The acrylic top of this block got me thinking that maybe I can design a new top for the copper base that incorporates some of the tubing and perhaps even a reservoir which I can 3D print as an all-in-one design to make the whole water cooling loop a lot more compact.
This way I only need to add a fan, radiator and pump to the case and the 3D print will take care of connecting them all together and will store the additional cooling liquid.
So I opened up Fusion360 and started modelling the components.
The design of this case was quite a long process – probably one of the most complicated ones that I’ve done. In the end, I settled on a design that has the Pi mounted vertically towards the back of the case, with cutouts for the ports out the back.
The Pi screws onto the cooling block through the side panel and on the opposite side is the reservoir with an integrated pump. On the front, we’ve got the radiator and fan.
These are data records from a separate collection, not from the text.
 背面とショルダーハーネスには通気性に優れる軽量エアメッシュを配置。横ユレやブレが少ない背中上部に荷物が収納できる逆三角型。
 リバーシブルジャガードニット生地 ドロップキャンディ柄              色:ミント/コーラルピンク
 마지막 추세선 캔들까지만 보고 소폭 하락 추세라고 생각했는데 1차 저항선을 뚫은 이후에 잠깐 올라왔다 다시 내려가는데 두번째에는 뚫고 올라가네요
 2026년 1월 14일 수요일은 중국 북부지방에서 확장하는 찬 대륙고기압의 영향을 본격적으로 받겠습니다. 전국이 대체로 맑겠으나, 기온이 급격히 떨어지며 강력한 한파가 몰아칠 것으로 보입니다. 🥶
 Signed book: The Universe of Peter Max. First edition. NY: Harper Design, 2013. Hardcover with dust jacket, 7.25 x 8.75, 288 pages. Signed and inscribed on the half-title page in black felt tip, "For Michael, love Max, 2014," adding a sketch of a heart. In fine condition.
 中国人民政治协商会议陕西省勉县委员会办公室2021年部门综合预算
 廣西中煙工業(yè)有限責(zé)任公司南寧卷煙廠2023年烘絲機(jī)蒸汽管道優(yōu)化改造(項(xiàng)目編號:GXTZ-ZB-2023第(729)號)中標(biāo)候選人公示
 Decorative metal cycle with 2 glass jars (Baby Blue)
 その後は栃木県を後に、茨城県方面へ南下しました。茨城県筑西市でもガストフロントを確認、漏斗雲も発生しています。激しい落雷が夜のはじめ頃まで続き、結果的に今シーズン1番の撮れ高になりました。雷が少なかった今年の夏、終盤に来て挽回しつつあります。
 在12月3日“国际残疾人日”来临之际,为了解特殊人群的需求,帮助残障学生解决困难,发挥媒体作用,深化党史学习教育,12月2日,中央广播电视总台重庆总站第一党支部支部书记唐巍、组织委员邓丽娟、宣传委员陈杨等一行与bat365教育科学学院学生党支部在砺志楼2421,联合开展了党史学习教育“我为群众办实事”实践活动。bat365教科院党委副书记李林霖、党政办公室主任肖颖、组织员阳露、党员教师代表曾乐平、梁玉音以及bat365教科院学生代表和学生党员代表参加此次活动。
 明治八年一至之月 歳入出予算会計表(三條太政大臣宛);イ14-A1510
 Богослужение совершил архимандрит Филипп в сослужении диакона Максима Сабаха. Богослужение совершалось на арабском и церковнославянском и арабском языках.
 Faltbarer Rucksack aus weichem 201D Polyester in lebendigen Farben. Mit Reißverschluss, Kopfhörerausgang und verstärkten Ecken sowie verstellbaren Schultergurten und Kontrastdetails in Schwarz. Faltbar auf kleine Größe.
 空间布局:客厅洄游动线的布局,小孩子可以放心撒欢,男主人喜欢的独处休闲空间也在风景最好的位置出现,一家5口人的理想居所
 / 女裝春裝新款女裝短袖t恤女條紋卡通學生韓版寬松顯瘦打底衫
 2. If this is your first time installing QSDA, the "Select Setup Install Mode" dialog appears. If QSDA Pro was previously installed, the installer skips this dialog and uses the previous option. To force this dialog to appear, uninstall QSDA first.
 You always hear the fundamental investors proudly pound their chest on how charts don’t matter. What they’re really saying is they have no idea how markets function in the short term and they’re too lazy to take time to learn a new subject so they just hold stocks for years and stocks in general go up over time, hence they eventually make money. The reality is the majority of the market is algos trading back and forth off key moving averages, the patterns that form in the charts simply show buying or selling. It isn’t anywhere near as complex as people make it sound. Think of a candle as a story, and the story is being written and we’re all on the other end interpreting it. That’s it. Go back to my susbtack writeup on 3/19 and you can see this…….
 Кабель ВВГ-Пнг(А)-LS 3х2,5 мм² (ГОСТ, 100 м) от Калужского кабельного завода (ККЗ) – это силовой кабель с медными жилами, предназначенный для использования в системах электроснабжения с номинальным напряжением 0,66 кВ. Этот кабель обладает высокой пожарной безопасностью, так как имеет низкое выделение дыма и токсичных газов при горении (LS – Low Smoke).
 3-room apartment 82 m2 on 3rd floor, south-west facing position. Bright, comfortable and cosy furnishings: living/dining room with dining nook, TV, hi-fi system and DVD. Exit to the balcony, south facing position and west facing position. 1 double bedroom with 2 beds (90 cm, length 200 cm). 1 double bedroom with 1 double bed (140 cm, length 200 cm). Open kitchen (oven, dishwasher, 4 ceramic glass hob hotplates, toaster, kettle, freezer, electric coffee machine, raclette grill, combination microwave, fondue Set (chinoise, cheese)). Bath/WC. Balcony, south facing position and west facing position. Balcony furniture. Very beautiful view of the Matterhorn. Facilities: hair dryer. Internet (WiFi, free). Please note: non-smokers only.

The cooling lines are all integrated into the print as far as possible with short flexible runs to the radiator.
I then went and added some design features to the case like a grill to cover the radiator, a top cover to install the pump through, some feet and a Pi logo on the side of the reservoir which I’m hoping will be a bit more visible with a contrasting coloured coolant.
3D Printing The Pi 5 Case
My first thought was to try to print the case out as a large single resin print so that the water cooling loop really is a part of the case. This turned out to be a bit of a mess. I couldn’t get good results with a transparent resin and such large overhanging areas. The print came out distorted and generally looked terrible.
I then tried printing the whole case on an FDM printer. This surprisingly holds water better than I expected it to, but you can’t actually see the coolant and under pressure tiny leaks form droplets along the seams and leak into the infill.
So, I abandoned the single large print idea and instead separated the tank, block and cooling lines from the case so that I could print each part on the printer best suited for that particular part.
I printed the tank and block with its cover out first. I printed this in a smokey black transparent resin. This came out looking better than clear – mainly because the clear kept turning a weird shade of yellow when cured. The smokey black still provides some visibility into the tank and water cooling lines. After washing off the uncured resin, I put brass inserts into the print to mount components onto and then cured it under UV light.
I’m really happy with how this print turned out on its own.
Next, we need the case and covers.
I printed the main body of the case in a dark blue sparkle PLA with white accents on the fan grill and top cover, and white feet. These will hopefully work well with the white coolant I plan to use in the reservoir.
These parts also came out well – well at least much better than the sad resin print looked.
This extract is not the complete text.